Posted: Thu Jul 21, 2005 10:09 am
by nielsene
I've been playing around with my old PhraseBook pattern implementation. Going though a long internal debate on how many phrases to place in a file/versus how many files to have etc.

For a quick recap:
A PhraseBook is a pattern used to consolidate "phrases" of some second languange that are needed by a host langunage. For instance, all the SQL queries that most PHP applications need.

Typically the PhraseBook is given a filename in its constructor; it then creates a Dictionary of Label->Phrase pairs. Normally the Phrases are allowed to contain place-holder variables that will be provided when the query is asked for.

This allows all the queries for an application to be consolidated making it easier for the DBA to update queries when the schema changes or to work on increasing preformence, etc.

I've taken a slightly unusual approach in that I have a custom phrasebook syntax/format for each included language (SQL,LaTeX,XHTML). I wanted each phrasebook's source file to be readable in the appropriate syntax highlighting mode. Therefore each phrasebook uses its languange's comment syntax to delimit sections. For instance

Code: Select all

-- @Query Label: GET_FOO
-- @Query Var: foo_id INT identifies the foo to get
-- @Query Column: 1 name TEXT the name of the foo
-- @Query String
SELECT name FROM foos WHERE foo_id=їїfoo_id]];
-- @End Query String
Would be a given phrase in my PhraseBook. I'm working on a PhraseBookDoc tool (as you can probably guess by the Var/Column sections (optional)).
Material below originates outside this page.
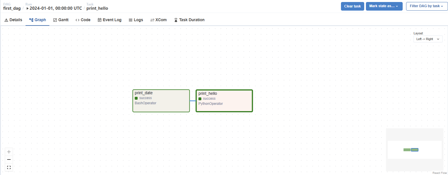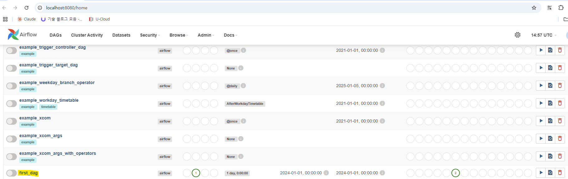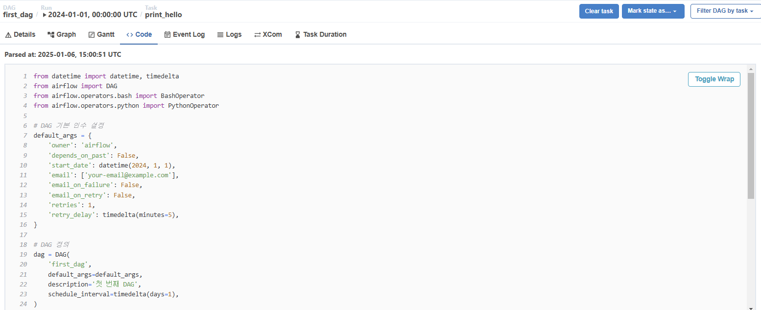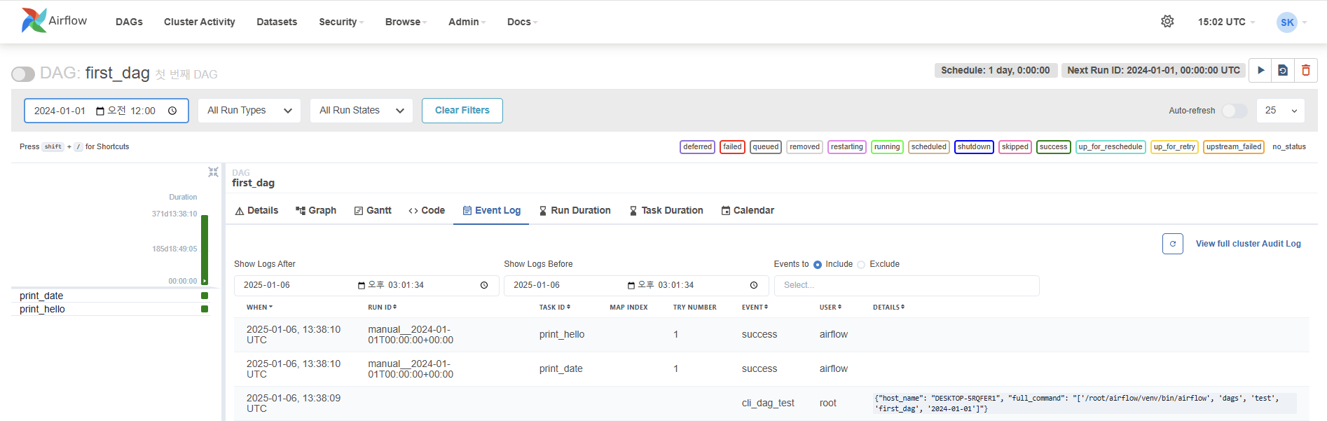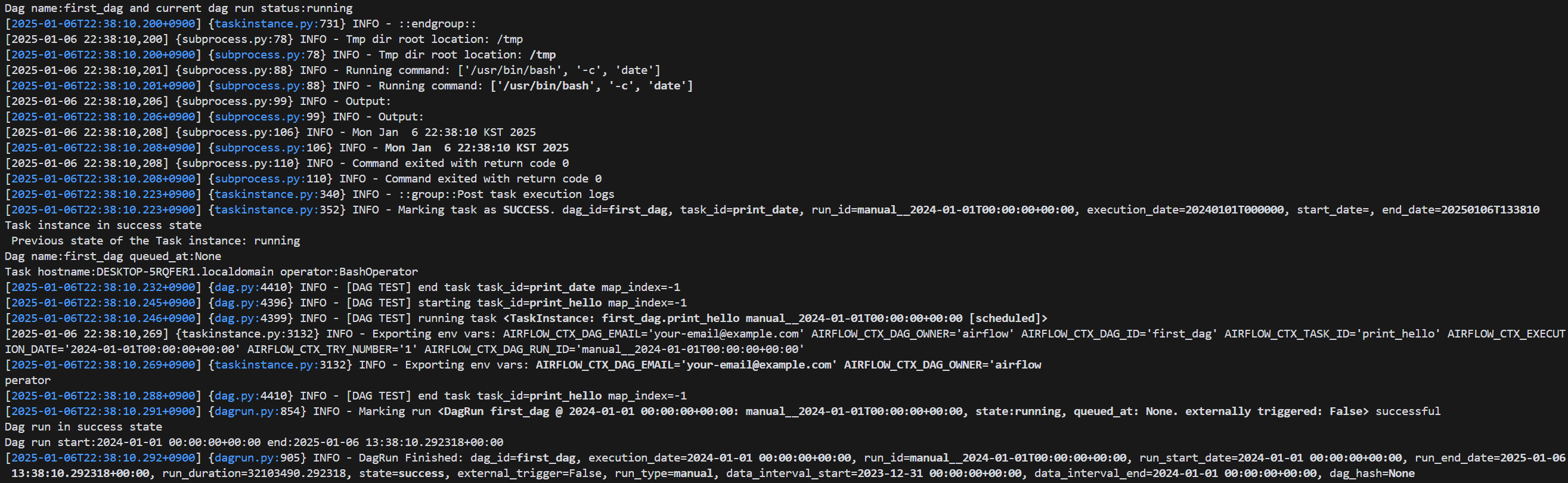 DAG: 작업 흐름을 구성하는 태스크들의 집합DAGs: 작업의 의존성, 실행 순서, 스케줄, 파라미터를 정의하는 파이썬 스크립트 모음. Airflow에서 실행될 워크플로우의 틀 설정Operators: 데이터 추출, 변환, 로드 등 특정 작업을 수행하는 파이썬 클래스. 워크플로우 내에서 단일 작업 또는 일련의 작업의 추상화Tasks: Operator의 인스턴스로, 워크플로우에서 실행될 각 작업 단위의 정의. 독립적 실행 또는 다른 Task와의 연결 가능Schedulers: 설정된 스케줄에 따른 DAG 실행 역할. DAG 주기적 검사, 실행할 Task 트리거, 필요시 재시도 수행Executor: Scheduler에 의해 등록된 Task들의 Worker 할당 및 작업 실행 관리 시스템. 다양한 Executor 유형을 통한 작업 분산 방식 결정Worker: Task의 실제 실행 단위. 독립된 프로세스로 할당된 Task의 병렬 실행 가능Webserver: 웹 기반 사용자 인터페이스. 사용자의 워크플로우 시각적 배포, 모니터링, 수정 가능 플랫폼Airflow.cfg: 전반적인 동작 방식 설정(디렉토리 지정, DB 연결 정보, 보안 설정, 이메일 알림 설정 등)Metadata DB: 저장정보(DAG 실행 기록, 태스크 상태, 변수와 연결 정보, 사용자 정보, 스케줄링 정보) PostgreSQL, MySQL 등 변경 가능wsl --install # PowerShell 관리자 모드에서

If the Vars are list howeverm it does do the appropriate type checking (and can thus avoid casting things to quoted text). If I ever finish my SQLDOc module, then the two will cross link (ie auto detect table names and link to that tables definiation, include list of phrases using a table on the table's page, etc)
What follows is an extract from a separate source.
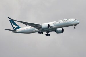 FILE PHOTO: A Cathay Pacific Airways Airbus A350-900 airplane approaches to land at Changi International Airport in Singapore June 10, 2018. REUTERS/Tim Chong/File Photo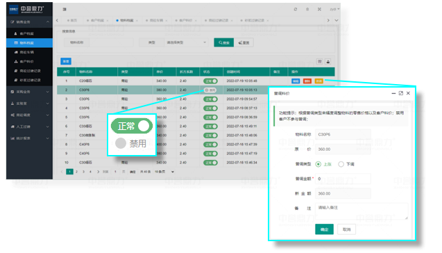 料類狀態(tài)控制,禁用客戶不參與普調(diào);

Now the loading process is lots of strpos,preg_match, etc string processing. I'll typically consolidate all the Phreases for a given section of the application to one phrase file, so I don't need to load every single possible query on every single page. So far it hasn't caused too much of a preformence drain, but I can see it getting to the point. Of course having multiple phrase files starts to heighten the chance of missing one on a schema change...

This is one of the classic places, in my mind at least, where it would be nice to have application scoped variables. Have people found good workarounds? I suppose I could "compile" the phrases to a binary file in some sense that would need less string parsing, but its still needed to open a file, read it, populate an internal structure, etc on every page.